DATA SHOWN:
# # #
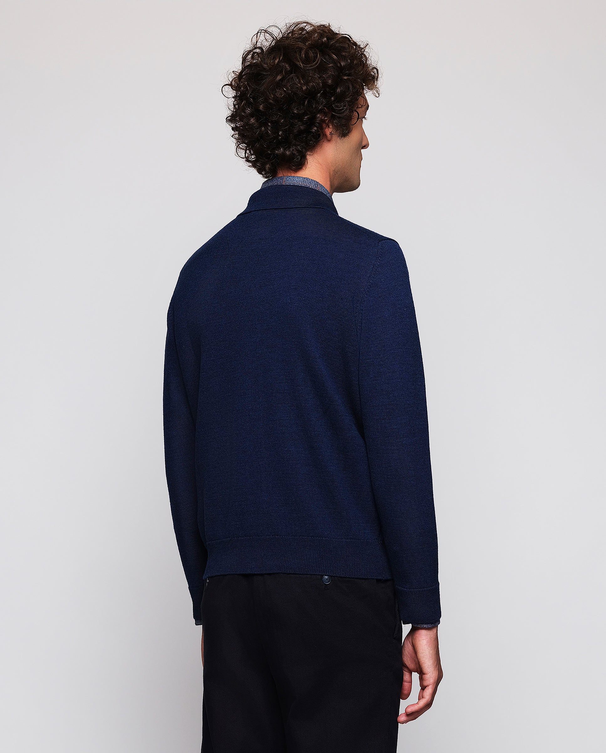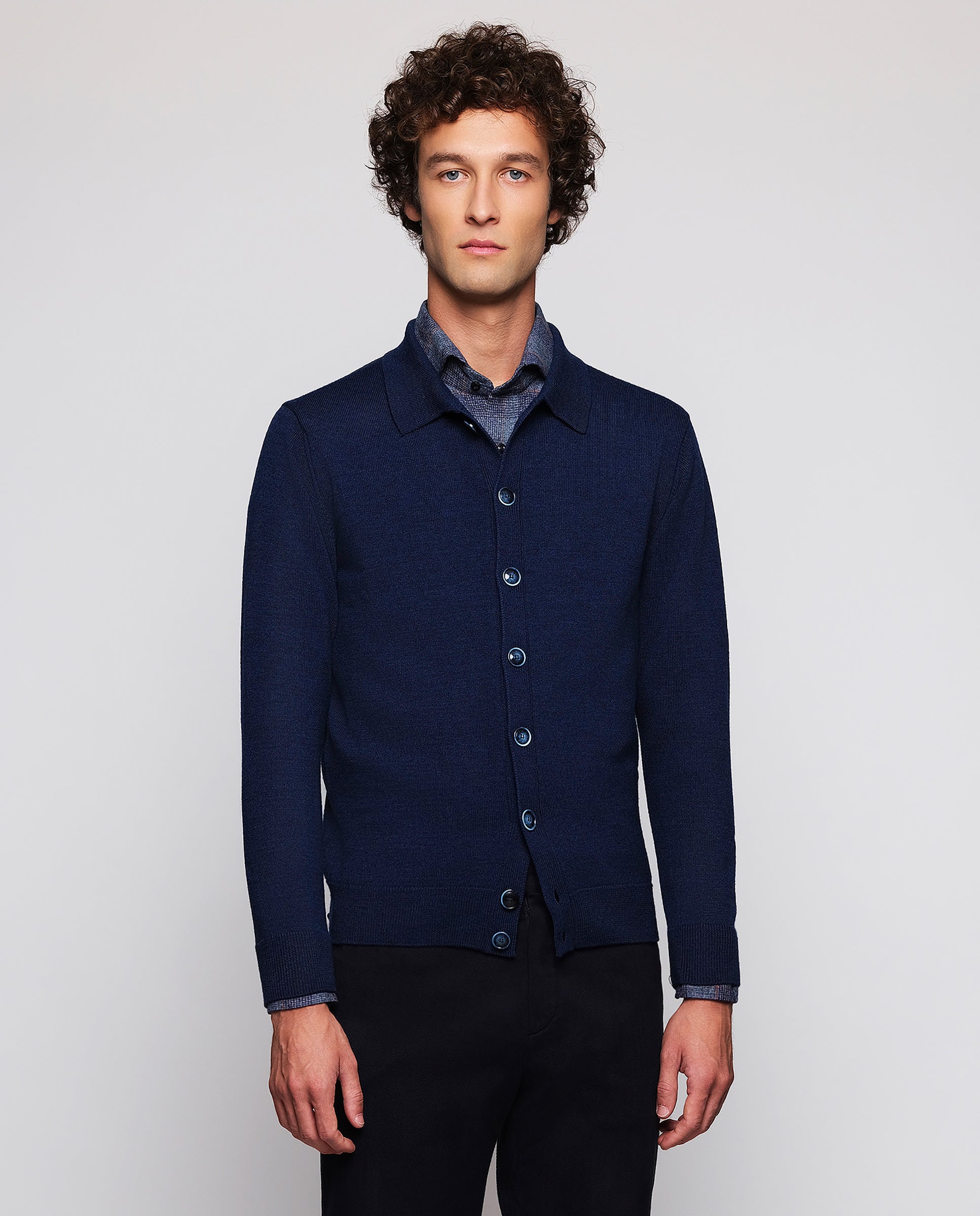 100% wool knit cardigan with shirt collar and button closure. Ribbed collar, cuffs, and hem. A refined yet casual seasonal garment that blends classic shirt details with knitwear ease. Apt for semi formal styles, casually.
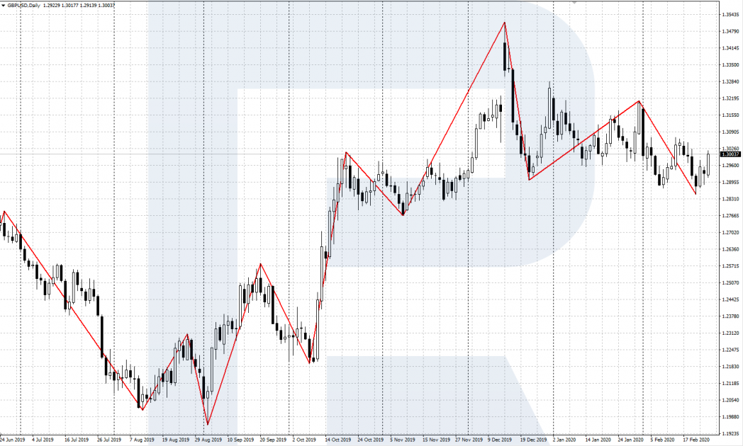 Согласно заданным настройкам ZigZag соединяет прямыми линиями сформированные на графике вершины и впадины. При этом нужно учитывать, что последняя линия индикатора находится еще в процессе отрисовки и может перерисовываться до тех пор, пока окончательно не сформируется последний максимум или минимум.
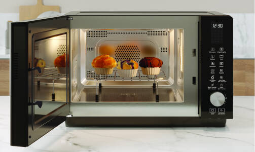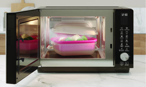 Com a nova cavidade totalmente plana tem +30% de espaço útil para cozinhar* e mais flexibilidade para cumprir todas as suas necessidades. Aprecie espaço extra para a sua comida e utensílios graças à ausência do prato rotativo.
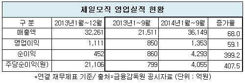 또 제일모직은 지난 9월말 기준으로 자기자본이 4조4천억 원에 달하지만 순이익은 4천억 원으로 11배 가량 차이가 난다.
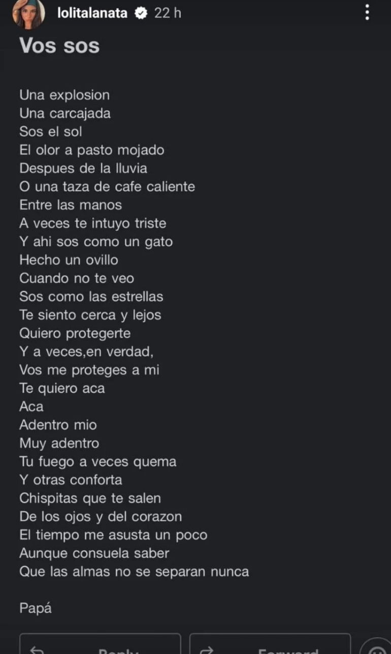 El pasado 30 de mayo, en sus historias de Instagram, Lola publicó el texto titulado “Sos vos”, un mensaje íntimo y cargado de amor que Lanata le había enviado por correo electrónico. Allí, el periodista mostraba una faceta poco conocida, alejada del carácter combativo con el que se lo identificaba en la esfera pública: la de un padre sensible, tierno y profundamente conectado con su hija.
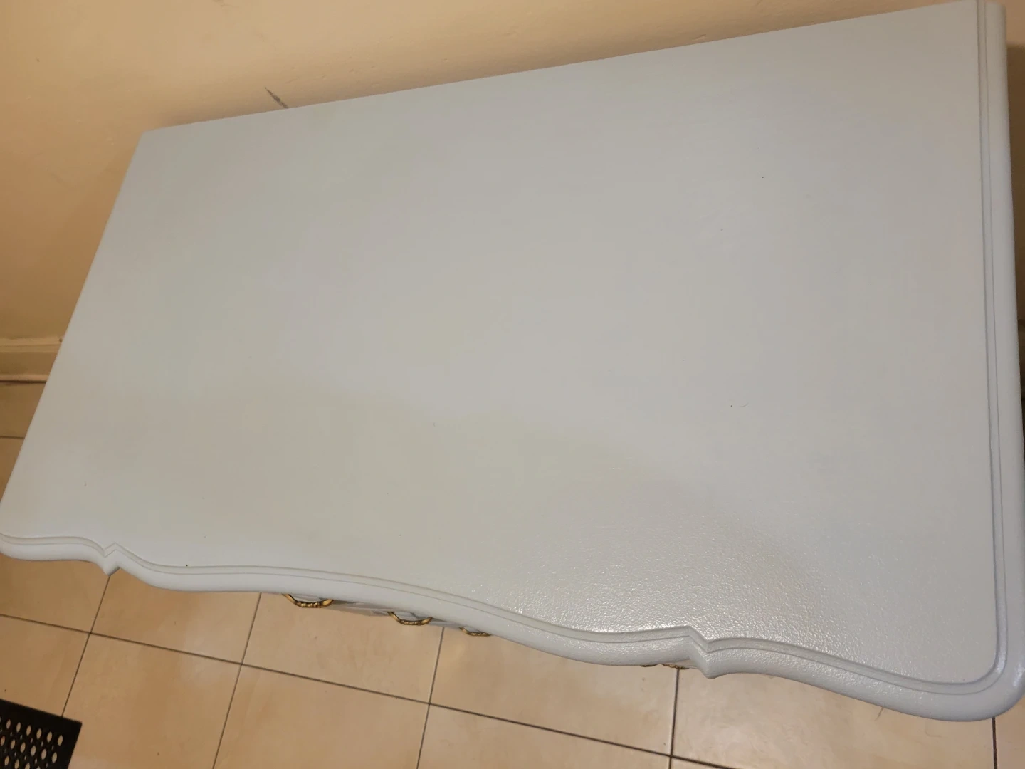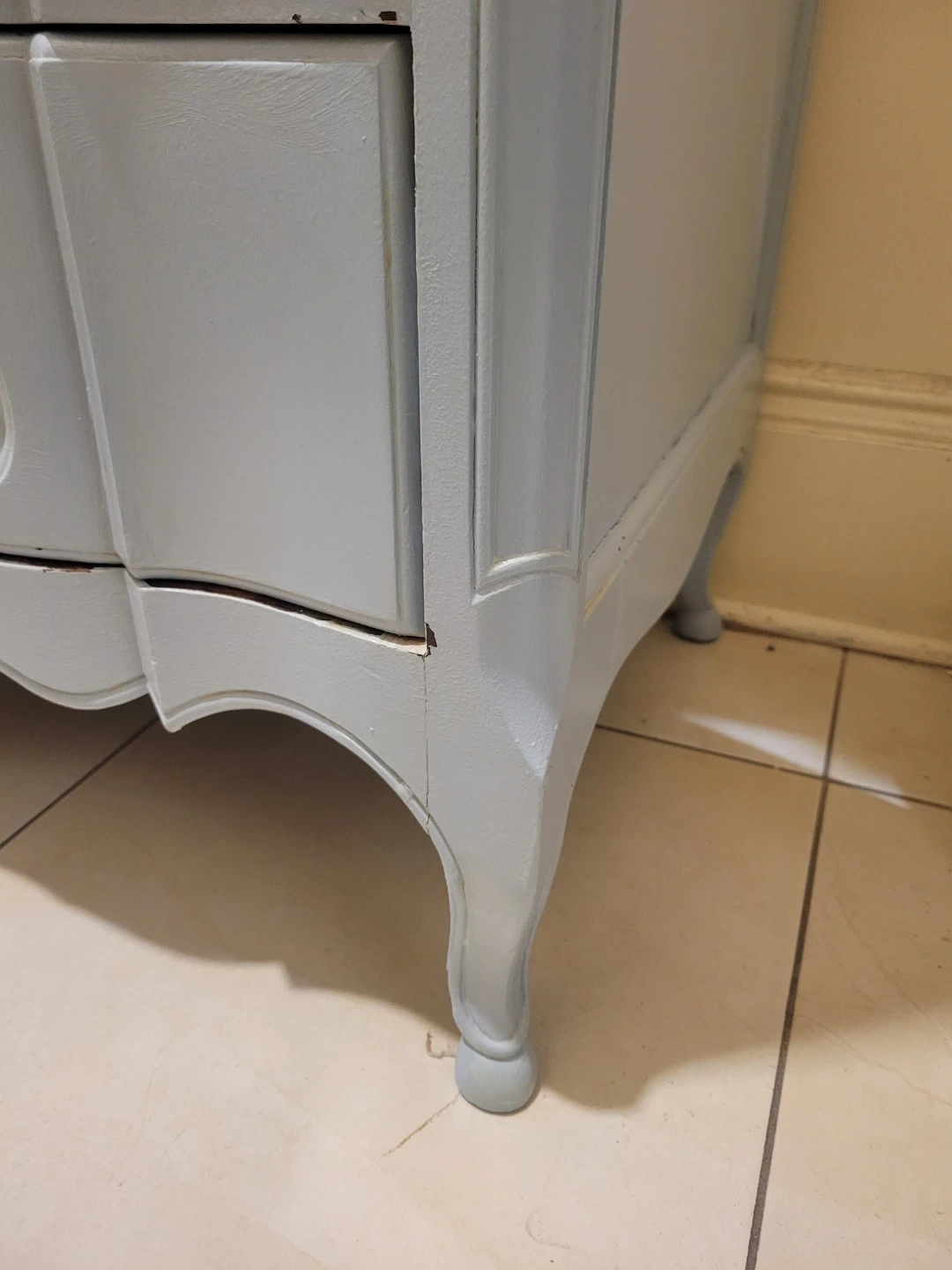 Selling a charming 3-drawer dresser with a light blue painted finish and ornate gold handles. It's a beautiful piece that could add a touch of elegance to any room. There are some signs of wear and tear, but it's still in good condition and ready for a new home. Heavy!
# # #
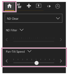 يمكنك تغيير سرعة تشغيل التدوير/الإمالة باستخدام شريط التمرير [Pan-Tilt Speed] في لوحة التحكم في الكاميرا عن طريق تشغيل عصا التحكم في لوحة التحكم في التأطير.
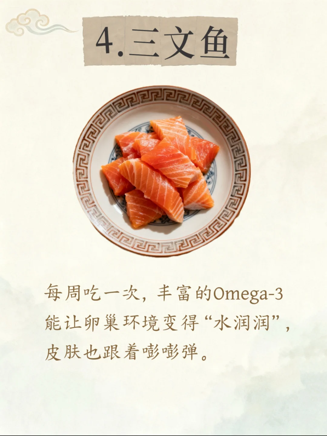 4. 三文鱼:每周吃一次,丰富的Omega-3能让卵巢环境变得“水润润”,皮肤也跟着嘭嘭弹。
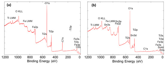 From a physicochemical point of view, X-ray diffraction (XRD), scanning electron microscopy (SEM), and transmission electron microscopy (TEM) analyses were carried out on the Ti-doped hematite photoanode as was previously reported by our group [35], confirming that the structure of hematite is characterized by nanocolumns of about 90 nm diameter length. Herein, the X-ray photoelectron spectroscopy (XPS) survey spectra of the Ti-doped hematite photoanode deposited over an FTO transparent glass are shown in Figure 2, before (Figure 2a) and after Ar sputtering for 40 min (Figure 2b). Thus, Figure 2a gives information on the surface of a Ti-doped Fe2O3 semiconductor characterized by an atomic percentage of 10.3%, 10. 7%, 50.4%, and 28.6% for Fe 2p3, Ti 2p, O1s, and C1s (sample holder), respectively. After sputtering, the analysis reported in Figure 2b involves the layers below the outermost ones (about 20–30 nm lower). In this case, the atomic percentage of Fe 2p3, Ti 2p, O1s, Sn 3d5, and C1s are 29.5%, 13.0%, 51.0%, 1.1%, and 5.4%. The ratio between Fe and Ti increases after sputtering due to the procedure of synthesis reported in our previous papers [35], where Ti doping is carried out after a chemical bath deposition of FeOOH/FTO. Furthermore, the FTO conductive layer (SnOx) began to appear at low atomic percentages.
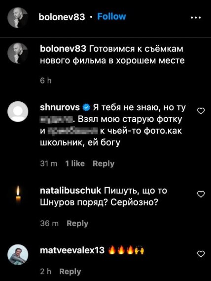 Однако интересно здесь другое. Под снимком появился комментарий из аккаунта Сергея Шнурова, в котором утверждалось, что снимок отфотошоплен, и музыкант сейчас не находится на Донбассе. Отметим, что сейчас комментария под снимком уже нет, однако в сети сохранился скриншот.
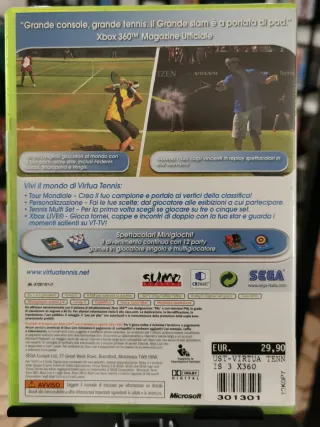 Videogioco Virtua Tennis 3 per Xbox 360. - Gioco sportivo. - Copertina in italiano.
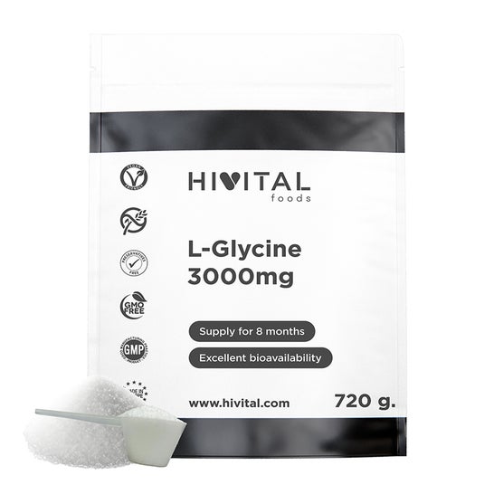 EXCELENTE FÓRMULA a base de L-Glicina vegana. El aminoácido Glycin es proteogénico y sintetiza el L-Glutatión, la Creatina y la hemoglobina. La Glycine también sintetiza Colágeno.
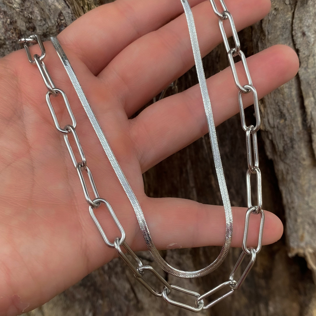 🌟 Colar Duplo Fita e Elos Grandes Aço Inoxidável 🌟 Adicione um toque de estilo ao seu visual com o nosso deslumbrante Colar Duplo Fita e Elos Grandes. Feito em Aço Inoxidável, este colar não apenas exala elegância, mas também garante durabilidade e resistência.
# # #
WORK REQUEST:
In the data above, retype only the stretch from the line with "Videogioco Virtua Tennis" through the line with "EXCELENTE FÓRMULA a", word for word, and skip any pictures.

RESULT OF THE TASK:
 Videogioco Virtua Tennis 3 per Xbox 360. - Gioco sportivo. - Copertina in italiano.
 EXCELENTE FÓRMULA a base de L-Glicina vegana. El aminoácido Glycin es proteogénico y sintetiza el L-Glutatión, la Creatina y la hemoglobina. La Glycine también sintetiza Colágeno.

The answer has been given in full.